- TO DO -
Leave out the pictures and set down exactly the lines from the start of the listing through the one with "Amazon Com Ed", both included.

- INFORMATION SUPPLIED -
++++++++++

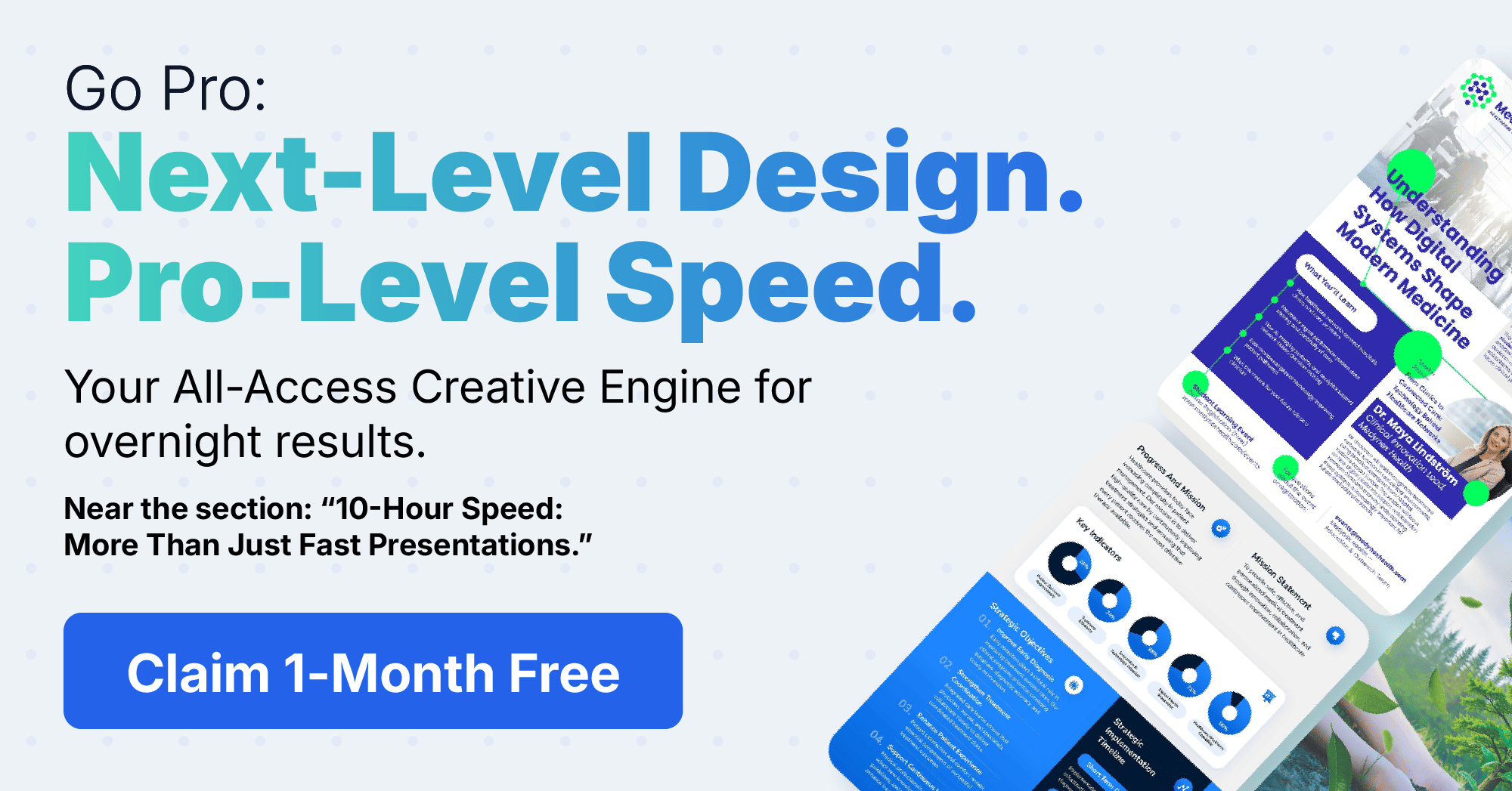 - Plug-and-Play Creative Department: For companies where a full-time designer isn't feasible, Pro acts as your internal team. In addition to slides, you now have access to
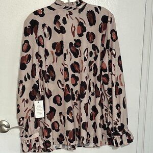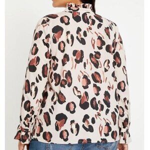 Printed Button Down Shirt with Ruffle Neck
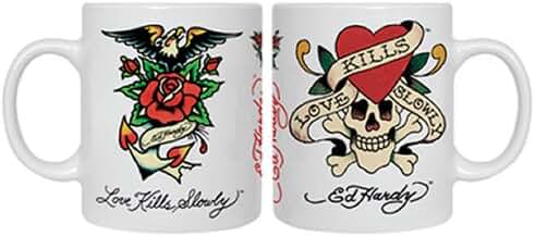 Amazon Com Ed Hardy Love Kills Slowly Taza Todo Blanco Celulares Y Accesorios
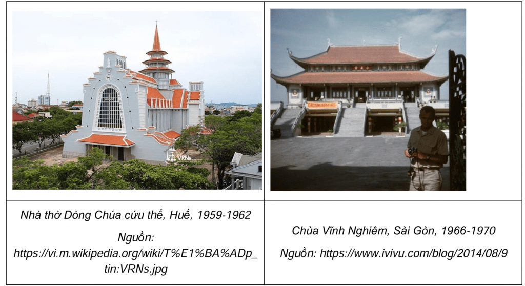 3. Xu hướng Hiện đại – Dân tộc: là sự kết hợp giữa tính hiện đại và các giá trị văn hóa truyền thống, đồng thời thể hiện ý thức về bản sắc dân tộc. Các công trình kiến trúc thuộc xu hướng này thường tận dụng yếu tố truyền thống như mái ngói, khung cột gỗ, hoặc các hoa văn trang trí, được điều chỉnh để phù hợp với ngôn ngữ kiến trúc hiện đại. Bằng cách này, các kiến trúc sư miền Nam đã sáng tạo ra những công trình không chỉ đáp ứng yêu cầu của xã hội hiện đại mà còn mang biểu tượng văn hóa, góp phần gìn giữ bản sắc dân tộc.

++++++++++

- REPLY TO THE EXERCISE -
 - Plug-and-Play Creative Department: For companies where a full-time designer isn't feasible, Pro acts as your internal team. In addition to slides, you now have access to
 Printed Button Down Shirt with Ruffle Neck
 Amazon Com Ed Hardy Love Kills Slowly Taza Todo Blanco Celulares Y Accesorios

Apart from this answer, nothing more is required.